Best practice tips for data#
Take backups of important files. Data on Puhti disks is not backed up.
Allas is the best option for backups at CSC.
GitHub or similar for code.
Supercomputer disks do not work well with too many small files
Plan your analysis in a way that too many files are not needed.
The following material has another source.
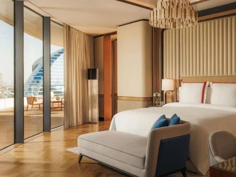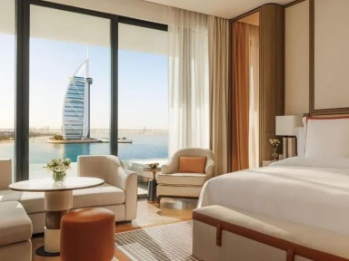 Площадь номера: 67 кв. м., вид: на Jumeirah Burj Al Arab и на Персидский залив, кровати: 1 кровать king-size или две отдельные кровати + одна диван-кровать, размещение: 2 взрослых и 2 детей до 12 лет или 3 взрослых, частная терраса, кофе-машина Nespresso , фен Dyson , персональный мини-бар , Smart TV 65”, Акустическая система Bang and Olufsen

Keep the small files in one zip-file, unzip it only on local fast disks during the analysis.
Don’t create a lot of files in one folder
Keep data that is needed longer also in Allas.
When working with big vector data sets, consider using a database:
Only file databases (SQLite, GeoPackage) can be kept on supercomputer disks.
For PostgreSQL and PostGIS use CSC Pukki Database-as-a-service.
For any other database set up virtual machine in cPouta.
Pay attention to data pre-processing:
Remove unnecessary data (clip, select, generalize).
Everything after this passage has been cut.